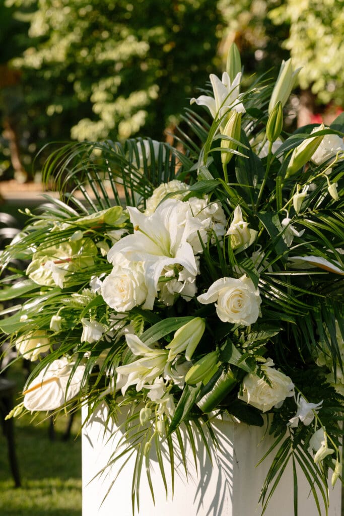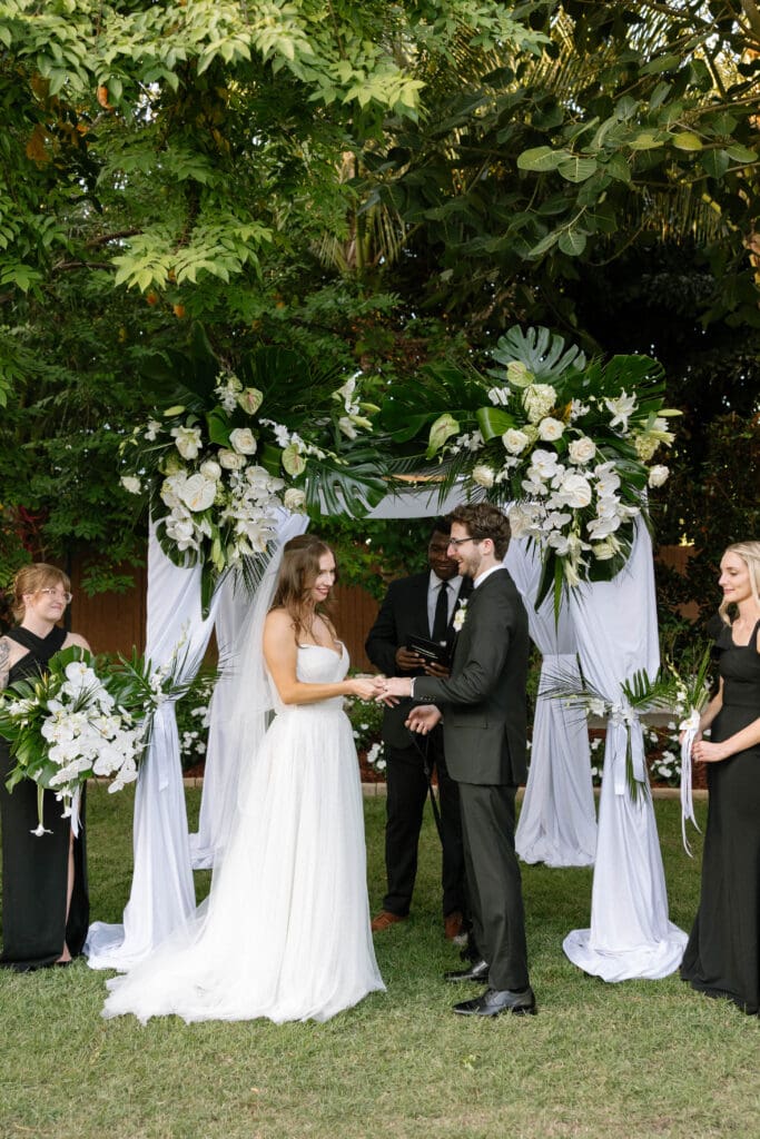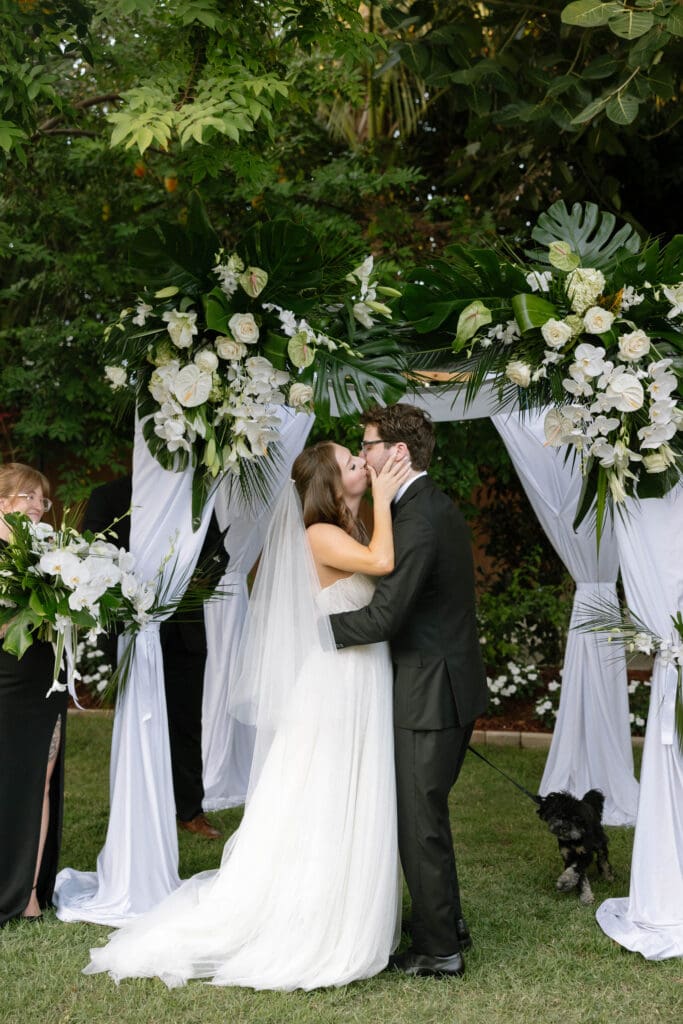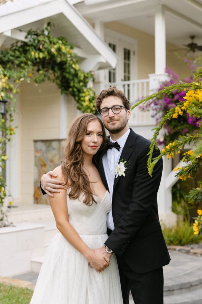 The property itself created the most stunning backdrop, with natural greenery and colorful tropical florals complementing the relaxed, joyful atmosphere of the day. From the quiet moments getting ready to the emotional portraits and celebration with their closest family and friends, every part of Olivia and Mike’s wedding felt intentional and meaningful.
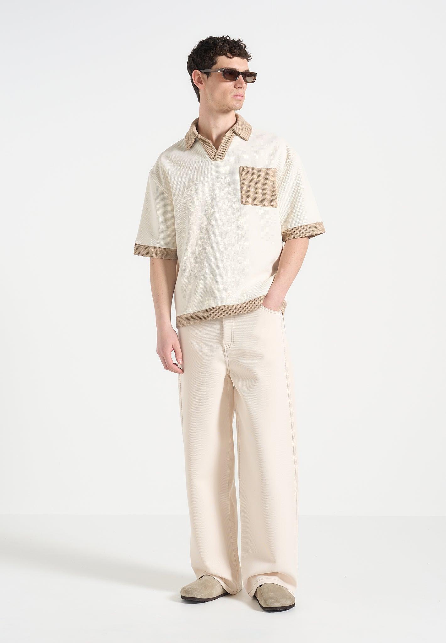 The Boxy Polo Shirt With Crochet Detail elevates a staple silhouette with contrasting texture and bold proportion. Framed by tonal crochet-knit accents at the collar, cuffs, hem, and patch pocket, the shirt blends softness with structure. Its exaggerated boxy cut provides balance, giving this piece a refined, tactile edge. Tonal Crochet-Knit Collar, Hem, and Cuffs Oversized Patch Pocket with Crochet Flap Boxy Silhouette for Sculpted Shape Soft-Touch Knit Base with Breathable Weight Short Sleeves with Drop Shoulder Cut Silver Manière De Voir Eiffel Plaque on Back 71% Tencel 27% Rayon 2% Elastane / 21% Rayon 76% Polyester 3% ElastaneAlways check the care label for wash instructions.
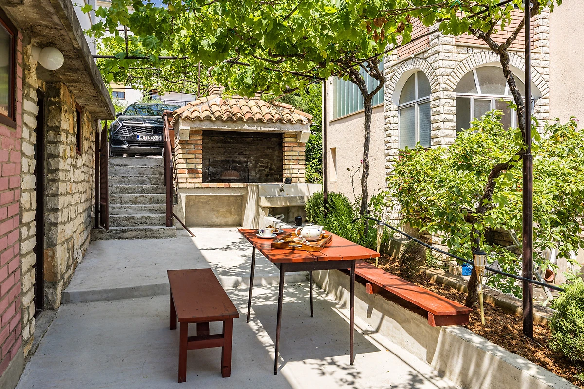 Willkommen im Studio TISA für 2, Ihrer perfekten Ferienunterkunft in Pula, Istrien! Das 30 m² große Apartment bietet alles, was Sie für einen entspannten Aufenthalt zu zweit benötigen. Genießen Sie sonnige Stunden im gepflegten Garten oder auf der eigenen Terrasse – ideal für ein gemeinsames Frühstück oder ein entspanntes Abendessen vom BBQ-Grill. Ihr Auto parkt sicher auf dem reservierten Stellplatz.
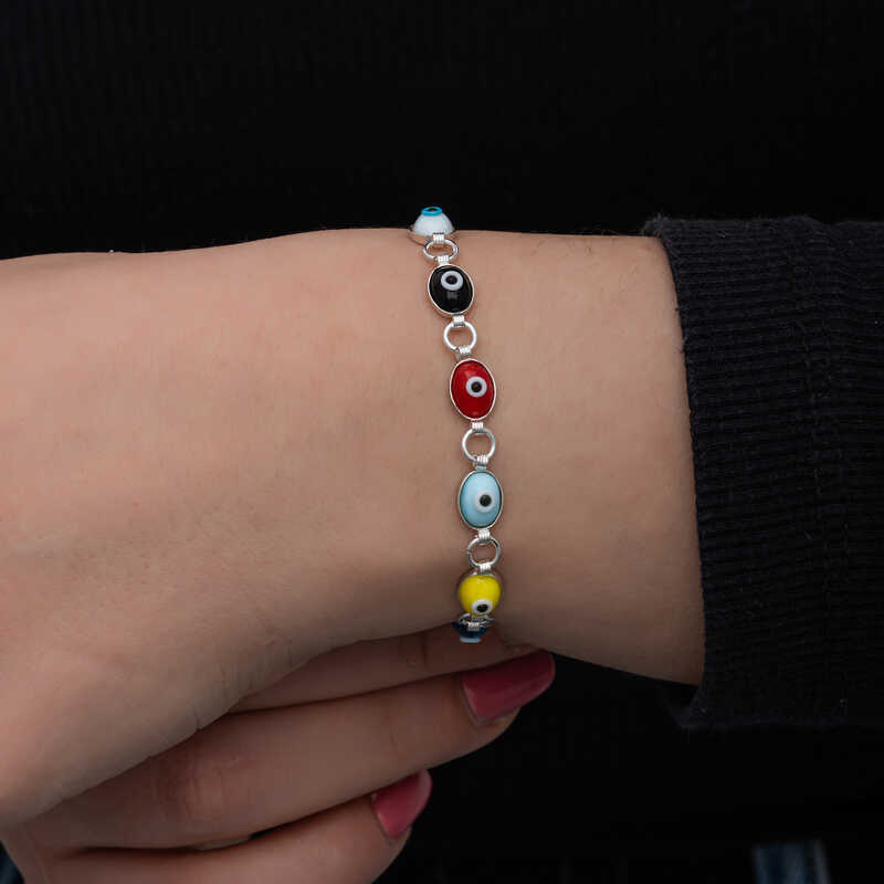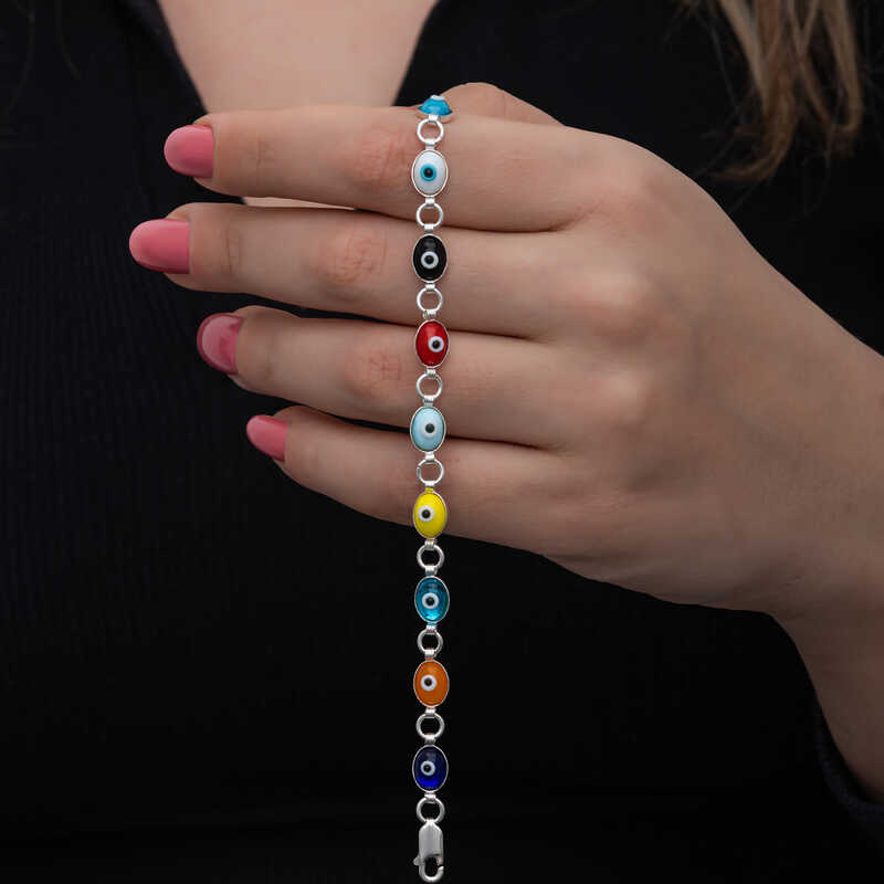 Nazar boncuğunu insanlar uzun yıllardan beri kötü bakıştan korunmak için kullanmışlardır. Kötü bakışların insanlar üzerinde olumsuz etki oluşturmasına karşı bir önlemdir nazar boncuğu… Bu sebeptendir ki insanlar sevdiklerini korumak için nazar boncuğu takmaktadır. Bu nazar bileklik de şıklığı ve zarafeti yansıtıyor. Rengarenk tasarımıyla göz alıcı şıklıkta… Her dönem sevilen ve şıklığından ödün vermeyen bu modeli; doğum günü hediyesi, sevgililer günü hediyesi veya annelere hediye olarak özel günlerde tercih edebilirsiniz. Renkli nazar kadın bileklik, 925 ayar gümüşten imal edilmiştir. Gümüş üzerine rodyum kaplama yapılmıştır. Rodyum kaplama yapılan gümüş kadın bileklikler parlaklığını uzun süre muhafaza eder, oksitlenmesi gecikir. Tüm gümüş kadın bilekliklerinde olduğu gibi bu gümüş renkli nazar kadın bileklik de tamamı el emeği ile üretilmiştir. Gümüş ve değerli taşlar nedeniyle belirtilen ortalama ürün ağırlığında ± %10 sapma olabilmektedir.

**What is needed**
Write out the material exactly, excluding pictures.

**Written response**
 The property itself created the most stunning backdrop, with natural greenery and colorful tropical florals complementing the relaxed, joyful atmosphere of the day. From the quiet moments getting ready to the emotional portraits and celebration with their closest family and friends, every part of Olivia and Mike’s wedding felt intentional and meaningful.
 The Boxy Polo Shirt With Crochet Detail elevates a staple silhouette with contrasting texture and bold proportion. Framed by tonal crochet-knit accents at the collar, cuffs, hem, and patch pocket, the shirt blends softness with structure. Its exaggerated boxy cut provides balance, giving this piece a refined, tactile edge. Tonal Crochet-Knit Collar, Hem, and Cuffs Oversized Patch Pocket with Crochet Flap Boxy Silhouette for Sculpted Shape Soft-Touch Knit Base with Breathable Weight Short Sleeves with Drop Shoulder Cut Silver Manière De Voir Eiffel Plaque on Back 71% Tencel 27% Rayon 2% Elastane / 21% Rayon 76% Polyester 3% ElastaneAlways check the care label for wash instructions.
 Willkommen im Studio TISA für 2, Ihrer perfekten Ferienunterkunft in Pula, Istrien! Das 30 m² große Apartment bietet alles, was Sie für einen entspannten Aufenthalt zu zweit benötigen. Genießen Sie sonnige Stunden im gepflegten Garten oder auf der eigenen Terrasse – ideal für ein gemeinsames Frühstück oder ein entspanntes Abendessen vom BBQ-Grill. Ihr Auto parkt sicher auf dem reservierten Stellplatz.
 Nazar boncuğunu insanlar uzun yıllardan beri kötü bakıştan korunmak için kullanmışlardır. Kötü bakışların insanlar üzerinde olumsuz etki oluşturmasına karşı bir önlemdir nazar boncuğu… Bu sebeptendir ki insanlar sevdiklerini korumak için nazar boncuğu takmaktadır. Bu nazar bileklik de şıklığı ve zarafeti yansıtıyor. Rengarenk tasarımıyla göz alıcı şıklıkta… Her dönem sevilen ve şıklığından ödün vermeyen bu modeli; doğum günü hediyesi, sevgililer günü hediyesi veya annelere hediye olarak özel günlerde tercih edebilirsiniz. Renkli nazar kadın bileklik, 925 ayar gümüşten imal edilmiştir. Gümüş üzerine rodyum kaplama yapılmıştır. Rodyum kaplama yapılan gümüş kadın bileklikler parlaklığını uzun süre muhafaza eder, oksitlenmesi gecikir. Tüm gümüş kadın bilekliklerinde olduğu gibi bu gümüş renkli nazar kadın bileklik de tamamı el emeği ile üretilmiştir. Gümüş ve değerli taşlar nedeniyle belirtilen ortalama ürün ağırlığında ± %10 sapma olabilmektedir.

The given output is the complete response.